I ALWAYS wanted to be one of those people who write the articles headlined, “Are you..?” or, “Have you..?” or something along those lines.

It seems a fun way to make a living.

You know the sort of thing. “Have you got a ticking health time bomb among your giblets?”

“Is your cat fantasising about killing and eating you?” “Are you in danger from your tin opener?”

“What does your favourite flavour of crisp say about your love life?”

Some issues in the local news lately have inspired me to have a go. Many of us, especially if we’re prone to insomnia, ponder all manner of interesting questions, but few are more interesting than that of whether we are something special or just an ordinary, run-of-the-mill person like almost everybody else.

We can best answer it by imagining some simple scenarios.

For example, imagine that a developer wanted to build something near where we live. A couple of hundred houses, for example, with no infrastructure and crammed so tightly together that neighbour could shake hands with neighbour simply by opening a landing window.

Or some sort of unpleasant industrial plant, say, where garbage from hundreds of miles around is processed.

Or nuclear waste is buried, giving the local landscape a cheery glow. Or poorly pigs are shot and immolated, 24 hours a day. Or something else of that nature.

Imagine you object strenuously to the proposal because you feel it will wreck our home life, your health, or both.

If the people who want to build the thing in question are immediately warned off by the authorities and told to take their nonsense somewhere far, far away, the chances are that you are special.

If they are given free rein at the highest level to trample all over your wishes, the chances are that you are an ordinary person.

Now imagine that there is a sudden crimewave in your neighbourhood, with all manner of lowlife breaking into houses, stealing cars and intimidating people.

If you can afford to get together with your neighbours and put a dirty great iron gate at the entrance to your neighbourhood, or perhaps club together and employ private security patrols, then you can be fairly certain you are special.

The same is true if you know enough important people to ensure no criminal dares to set foot in your street for fear of being loaded into a police van five minutes later.

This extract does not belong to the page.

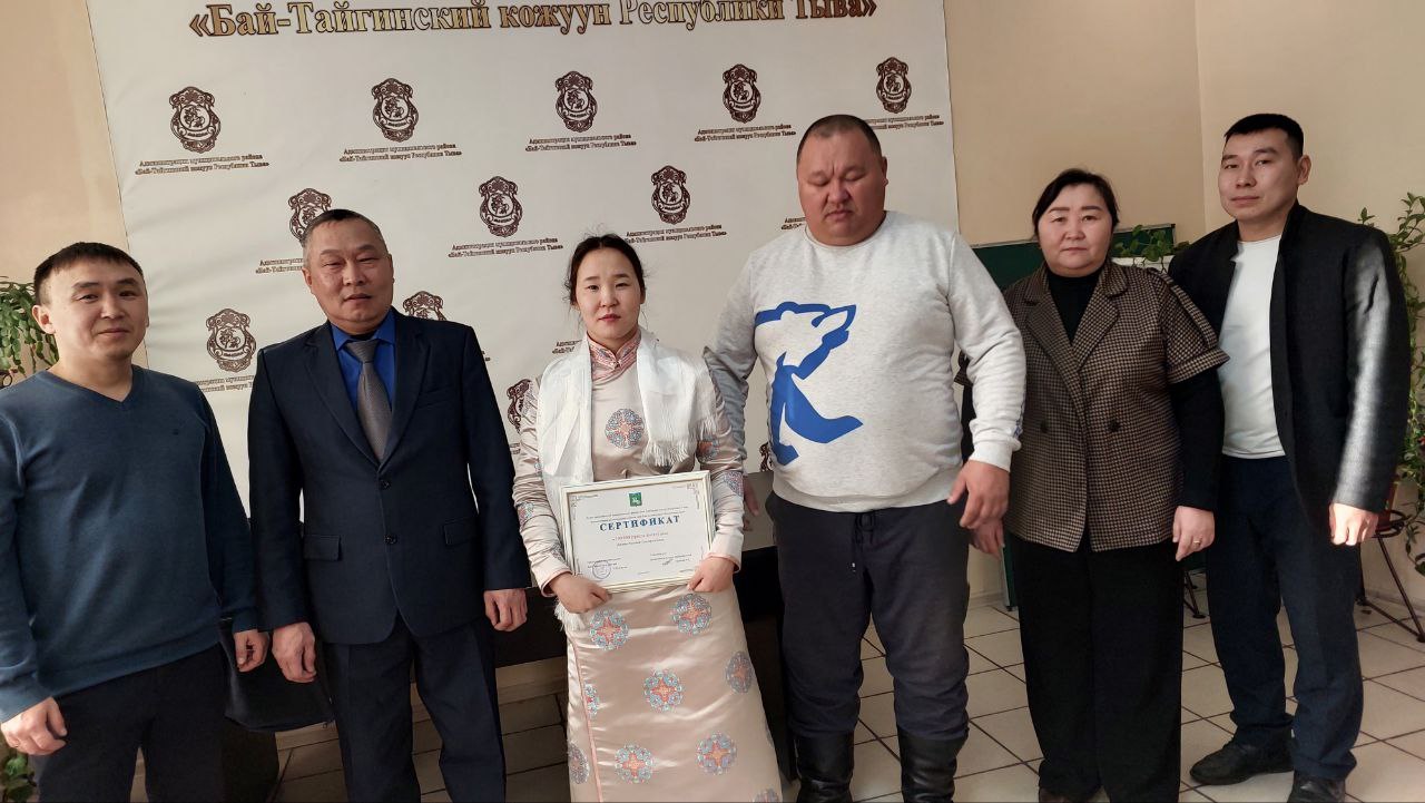 Администрация Бай-Тайги вручила сертификат 15-кратной чемпионке Тувы по женской борьбе Алдынай Даржаа

On the other hand, you may find yourself mostly obliged to let your neighbourhood be overrun by crooks.

Or be told to gather your own evidence because you having your stuff nicked or wrecked isn’t a priority.

That’s usually a clue suggesting ordinariness.

Turning to the subject of health and wellbeing, imagine – painful though it may be to do so – that you suffer some dreadful mental health crisis.

Imagine that this crisis is so severe that you present a danger to yourself and perhaps others, and must be immediately taken to a place of safety where compassionate, carefully-trained people can assess you and begin addressing your torment.

Imagine that such a facility exists virtually on your doorstep.

Now imagine that the organisation in charge of the place is looking to save some cash.

Do they do so by making sensible changes, such as a radical restructuring of senior executive pay structures?

In that case, you’re special.

Or do they simply set about trying to shut down the facility, obliging you to either to go to some private organisation or be shunted to another one in a completely unfamiliar place many miles away?

In that case – yes, you guessed it – you’re ordinary.

Parish Councils: Just do as you are told

CENTRAL Swindon South Parish Council recently tried to change its name to South Swindon Parish Council.

It polled local people and, of the small number who responded, the overwhelming majority were in favour of the change.

Last week the majority of borough councillors vetoed the bid, blaming what they called a lack of consultation.

Perhaps I’m misremembering, but when parishing was imposed on us, weren’t we told it was a way of promoting local solutions for local issues?

Having said that, in a way I can understand the borough’s caution.

If name changes were easy, some people might make mischief. They might raise petitions to change their parish council’s name to We Didn’t Want This Parish Council Parish Council, for example. Or Parish Councils are Just Another Tier Of Collective Irresponsibility Parish Council.

Or Swindon Borough Council Is To Basic Democratic Processes what Rabid Hyenas are to Petting Zoos Parish Council.

While that might not be so good for the borough, it would at least encourage more of us to become engaged with local democracy.

Who knows, perhaps we might elect – or in some cases become – a new kind of local politician who knows their place in the master-servant relationship.